Via an exhaustive search with a computer program, I have verified that P$$6$$ does not tile an equilateral triangle of side length $$6$$. However, it does tile an equilateral triangle of side length $$12$$: A search for side length $$18$$ did not reveal any solutions after running for a while, but it was nowhere near completion when I halted the search - the tools I'm using don't seem very tractable for this or higher cases.

Which equilateral triangles can be tiled by the sphinx polyiamond?

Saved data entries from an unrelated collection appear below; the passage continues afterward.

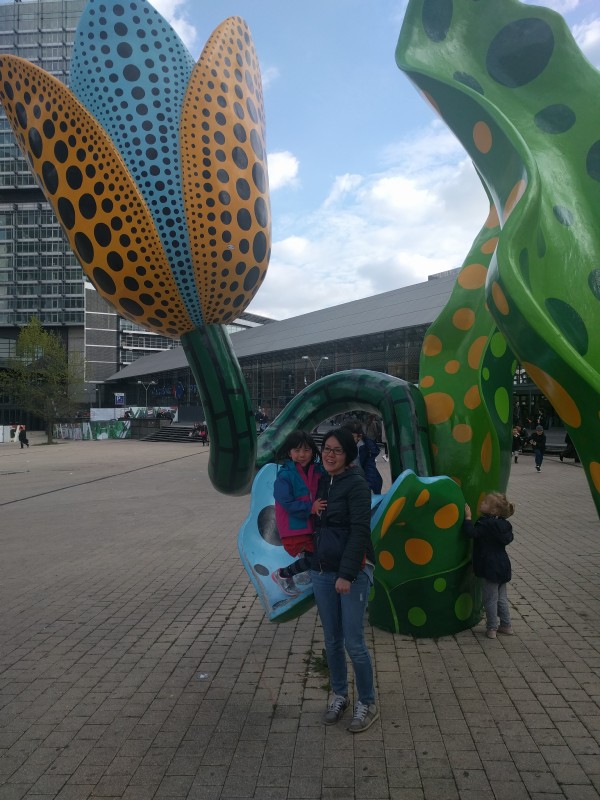 14:38:16 Erika on a big wheel. | 14:46:09 Erika on the carousel. | 17:22:52 Following Erika's tantrum at the fairground when we said we wanted to do some sightseeing now, we walked back to the hotel, had a rest for a bit there, then headed out again. These are some Yayoi Kusama sculptures near Lille Europe station. | 17:22:59 |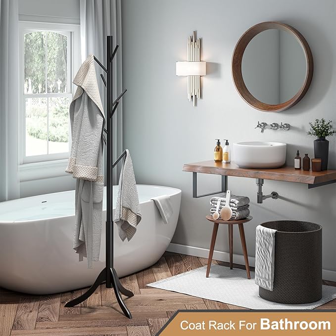Coat Rack Freestanding, Coat Stands Entryway, Bamboo Coat Rack Hat Hanger 8 Hook for Jacket, Purse, Scarf Rack, Umbrella Tree Stand (Black)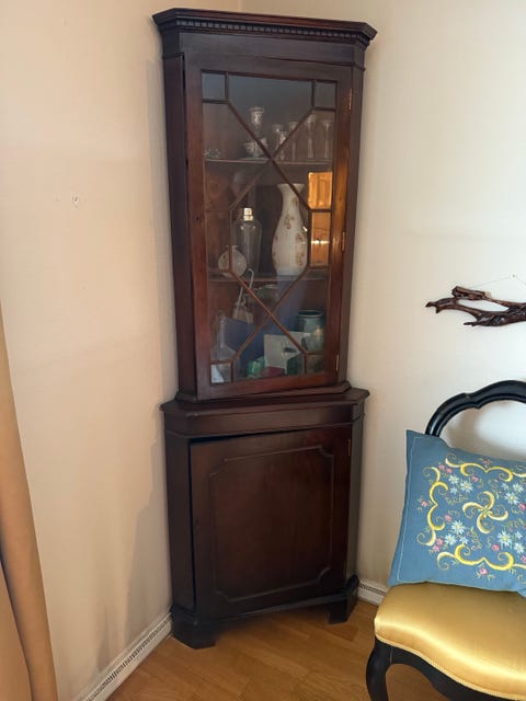 Antikk hjørneskap selges.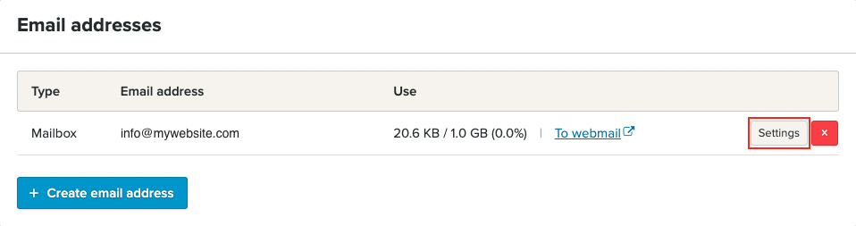 I boksen E-postadresser klikker du på lenken Administrer e-postadresser, og klikker deretter på Innstillinger ved siden av e-postadressen du vil sette opp automatisk svar for.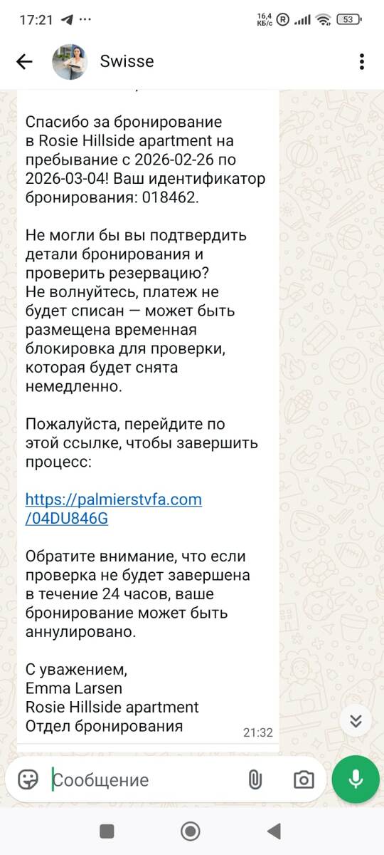 Через две недели у нас остров Фукуок и два отеля. Парой дней назад прилетает в вотсап мужу (пусть вас не смущает обращение оператора ко мне, у меня в профиле на Трип ком телефон мужа указан исторически). Поглядите, какая феерия. Важно! Это мошенники. Пишу специально в начале статьи, уже получив подтверждение от Трип ком, и ещё и потому, что ряд знакомых, увидев эти скриншоты, поверил, что это некие новые требования трипа. Что делать: не проходить ни по каким ссылкам и ничего не вводить. Написать в Трип ком. В нашем случае Трип ком взял пару дней потупить, я стала нервничать и звонить в русскую поддержку через приложение, милая девушка сказала, что такая процедура, но что они уже начали внутреннее расследование, откуда идёт слив данных клиентов. Сказали спасибо за сигнал. А вы сталкивались с подобными случаями?

Edit: I think that computing the tile homotopy group of the sphinx, as described in this paper, may be promising; as Theorem $$7.16$$ in the paper shows, it can be used to answer questions of this type for very similar kinds of tiles. Tile homology techniques may work as well, although not if it turns out that there is a signed tiling of the size-$$6$$ equilateral triangle with the sphinx.

• Are you aware of the alternative solution given here for sidelength 12 ? Dec 17, 2020 at 21:54
• I was not, thanks for the link! Dec 17, 2020 at 21:56
• I'm a little confused by the comment about the L5; can't rotating the piece 60 degrees counterclockwise also fill in the mentioned gap? In fact, AFAICT one can place three L5s (one flipped) in a side length 4 triangle (with 16 unit triangles) with just one corner missing... Mar 15 at 17:20

The triangle of side $$18$$ is not tilable by P6. I ran a backtracking program on it for a few hours. The fact that a side $$12$$ triangle is tilable means that all triangles of side 12n are tilable trivially with $$n^2$$ copies of the side $$12$$ triangle.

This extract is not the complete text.